John Sandford, born John Roswell Camp (born February 23, 1944), is an American New York Times best-selling author, novelist, a former journalist and recipient of the Pulitzer Prize.

Early life
Camp was born in Cedar Rapids, Iowa, the son of Anne Agnes (Barron) and Roswell Sandford Camp. His mother's family was German and Lithuanian. He received a bachelor's degree in American history and literature and a master's in journalism, both from the University of Iowa.

From 1971 to 1978, Camp wrote for The Miami Herald. In 1978, he moved to Minneapolis and started writing for The Saint Paul Pioneer Press as a features reporter; in 1980 he became a daily columnist. That year, he was a Pulitzer finalist for a series of stories on Native American culture. In 1985, during the Midwest farm crisis, he wrote a series entitled "Life on the Land: an American farm family," which followed a typical southwest Minnesota farm family through the course of a full year. For that work, he won the annual Pulitzer Prize for Feature Writing and the American Society of Newspaper Editors award for Non-Deadline Feature Writing. He worked part-time at the Pioneer Press in 1989 and left the next year.

Camp is an avid fiction reader himself. When asked in 2018 "What's your favorite book of all time?" by the New York Times, he responded, "An impossible question. If you put a gun to my head—say a .40-caliber Walther PPQ, or maybe a .45 ACP Colt Gold Cup—I'd say The Once and Future King, by T. H. White." Both weapons he mentioned make appearances in many of his novels.

Camp is a personal friend and hunting companion of fellow Minnesota author Chuck Logan.

Fiction writer
In 1989, Camp wrote two novels that would each spawn a popular series. The Fool's Run (Kidd series) was published under his own name, but the publisher asked him to provide a pseudonym for Rules of Prey ("Prey" series), so it was published under the name John Sandford. After the "Prey" series proved to be more popular, with its charismatic protagonist Lucas Davenport, The Fool's Run and all of its sequels were published under John Sandford.

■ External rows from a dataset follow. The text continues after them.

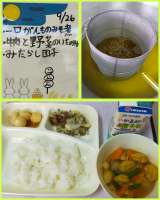 本日の給食は ・一口がんものみそ煮 ・牛肉と野...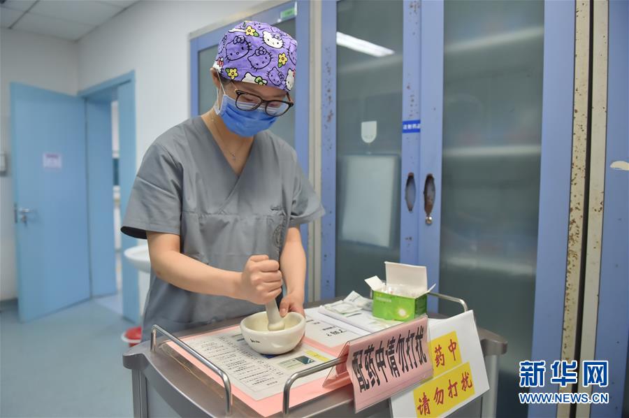 5月11日,在北京地壇醫(yī)院感染二科護(hù)士站,護(hù)士王蕊為不方便服藥的病人研磨藥片。北京地壇醫(yī)院是北京市收治新冠肺炎患者的定點(diǎn)醫(yī)院之一,醫(yī)院的醫(yī)護(hù)人員一直奮戰(zhàn)在抗擊疫情的一線(xiàn)。在國(guó)際護(hù)士節(jié)前夕,記者前往北京地壇醫(yī)院,記錄下抗疫一線(xiàn)護(hù)士的日常工作狀態(tài)。新華社記者彭子洋攝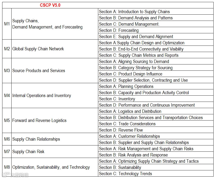 CSCP认证涵盖8个核心模块: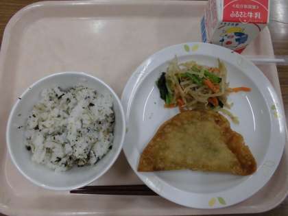 運動会の本番が近付いてきたので、給食人気ナンバーワンメニュー「ジャンボぎょうざ」で頑張る子どもたちを応援します。給食室から「練習おつかれさまでした」の気持ちと「本番全力を出し切れますように」の気持ちをたっぷり込めました!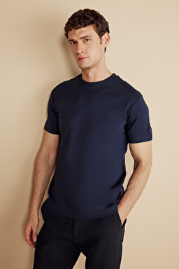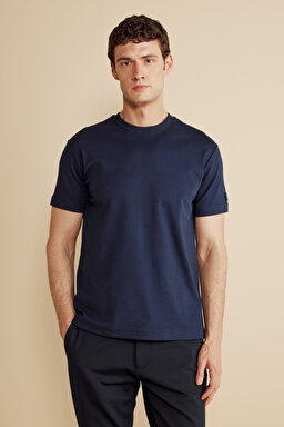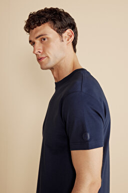 %100 Pamuk Bisiklet Yaka Kolu Patch Logolu Tişört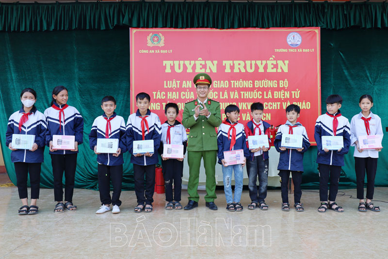 Chiều 18/1, Công an xã Đạo Lý (Lý Nhân) phối hợp với Trường THCS Đạo Lý tổ chức tuyên truyền, hướng dẫn Luật Giao thông đường bộ, tác hại của thuốc lá và thuốc lá điện tử, công tác quản lý vũ khí vật liệu nổ và công cụ hỗ trợ, pháo nổ và thực hành công tác phòng cháy, chữa cháy và cứu nạn cứu hộ (PCCC&CNCH).

In 2007, Camp started a third series (also under the name John Sandford), featuring Virgil Flowers, who is a supporting character in some of the "Prey" novels, including Invisible Prey and Storm Prey.

Bibliography

Prey series
Lucas Davenport is the protagonist of the "Prey" series. In the first three novels, he is a maverick detective with the Minneapolis Police Department. At the end of Eyes of Prey, he's forced to resign to avoid excessive force charges, partly due to his knowledge of the connection of a senior police officer to that case. He returns in Night Prey as a deputy chief (a political appointment), running his own intelligence unit. Beginning with Naked Prey, Davenport is an investigator for the Minnesota Department of Public Safety's Bureau of Criminal Apprehension (BCA), acting occasionally as a special troubleshooter for the governor of Minnesota in politically sensitive cases. He serves in that capacity through Gathering Prey, at the end of which he quits working for the BCA, later becoming a United States marshal.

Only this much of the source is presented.